Archive: NSIS under WINE


NSIS under WINE
I didn't see any mention of WINE searching the archives... Just some morsels of information.

NSIS appears to work perfectly under CodeWeaver's WINE (CrossOver 1.0RC). I was able to generate a Windows executable installer without any trouble. You'd think it was native watching it run. I wrote a little wrapper (/usr/local/win32/bin/makensis) around WINE and makensis.exe so I could call it without a bunch of nonsense.

makensis wrapper script:
#!/bin/sh
wine.sh /usr/local/win32/bin/makensis.exe $*

Some background:

My goal here is to do automated nightly Win32 builds of a CVS repository under Linux.

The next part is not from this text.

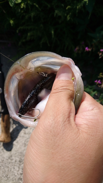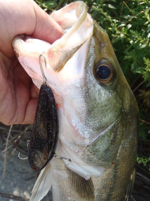 ご無沙汰しております。9月に入り少し涼しくなったので久しぶりに釣りに行ってきました。2年前に小さいながら何匹かバスを釣った川です。相変わらず茶色な濁り水に、この日は浮きゴミも沢山。ファットサム、FP2を投げましたが、すぐに水面ははあきらめて巻いてみることに。浅場~水深のある所に狙いを変えSUMVIB SSでゆっくり沈めてからのただ巻きでした。(沈み物に喰われないように針2本はダブルフック)数投目、わりと手前でガツン…丸飲みでした。SSモデルは泳層のコントロールがしやすいので助かります!

I'm using MinGW32 (GCC) as a cross-compiler under Linux to compile code into (native MSVC) Windows executables. Then running NSIS under WINE to generate the self-installer.

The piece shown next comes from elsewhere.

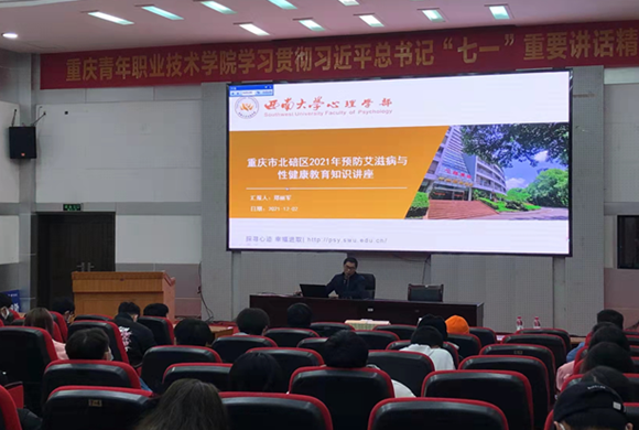 为了更好地宣传普及艾滋病、性病防治知识,提高青年学生的艾滋病、性病防治意识,在第34个“世界艾滋病日”前后,重庆市北碚区疾控中心与西南大学心理学部、北碚区中小学预防保健所和北碚区妇幼保健院协作,先后在北碚区翡翠湖小学、兼善中学、重庆市青年职业技术学院开展了3场艾滋病防治与性健康教育知识讲座。

I have been compiling using Microsoft Visual C++ 6 on Windows 2000 running under VMWare. Then I'd run NSIS to package it up. Using VMWare works great, mind you. (Although not exactly cheap.) Suspend/Resume in VMWare makes starting/stopping a Windows VM instantaneous; no need to ever boot/shutdown the VM. (Well, there is still the dreaded 'you must reboot your computer' every time you install something trivial...)


More luck to ya!


If your good with linux, can you answer me a question that has been bugging me for a while. When I used to use linux (redhat linux 7.1) I would install wine and I could never find out where it installed it to. I think the reason I don't know is my general lack of understanding of linux. So if you could tell me exactly how to use wine, that would be useful.


Sure, WINE can be a bit tricky to make work correctly. Not sure how much help I can be there. I've installed from source with great success. Only RPMS that ever worked were from CodeWeavers.

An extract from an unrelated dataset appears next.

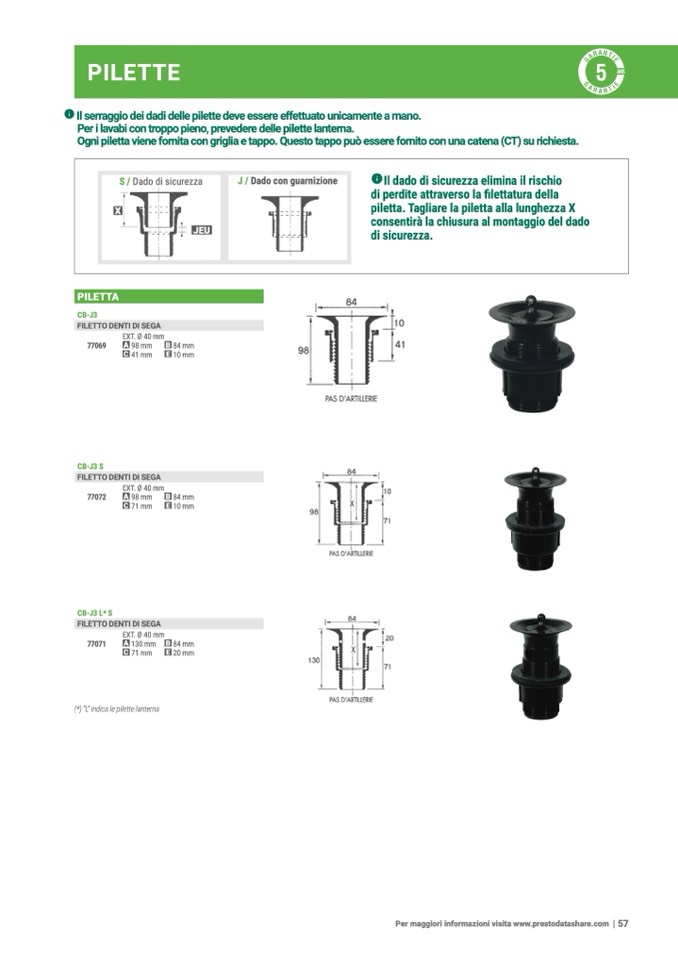 Ogni piletta viene fornita con griglia e tappo. Questo tappo può essere fornito con una catena (CT) su richiesta

Codeweavers' WINE is probably the easiest to use. It's really as simple as "wine myprogram.exe" Crossover has a wine.sh with it. wine.sh does some sort of magic to determine how to call wine and makes sure wine-server is running. The first Windows app you run takes a few seconds to start wine-server. Once wine-server is up apps start instantaneously.

Installation/Usage Info:
http://www.codeweavers.com/technology/wine/download.php

I'm using CrossOver 1.0 which integrates WINE with GNOME and several web browsers. Main purpose of crossover is to allow you to load Windows Internet Explorer or Netscape plugins/helpers into Netscape, Mozilla, Galeon, or Konquerer on x86 Unix. Crossover has an "Add New Program/Plugin" wizard. You just click add, browse to the executable (e.g. setup.exe), then it launches the setup program or whatever. I've installed Quicktime, WinAMP, Shockwave, MS Word/Excel/PowerPoint Viewers, etc this way. These all run perfectly. The program launcher icons show up on the GNOME Favorites menu right where they would in be in Windows Start Menu. The desktop icons are put on the desktop. They annoyingly steal your file type associations just like they do on Windows. It's really rather well integrated. ;) Many apps won't yet work, of course. But, the ones which do work run at native speeds and are very stable. I suspect Lindows might go a long way to filling in the missing Win32 API calls in WINE.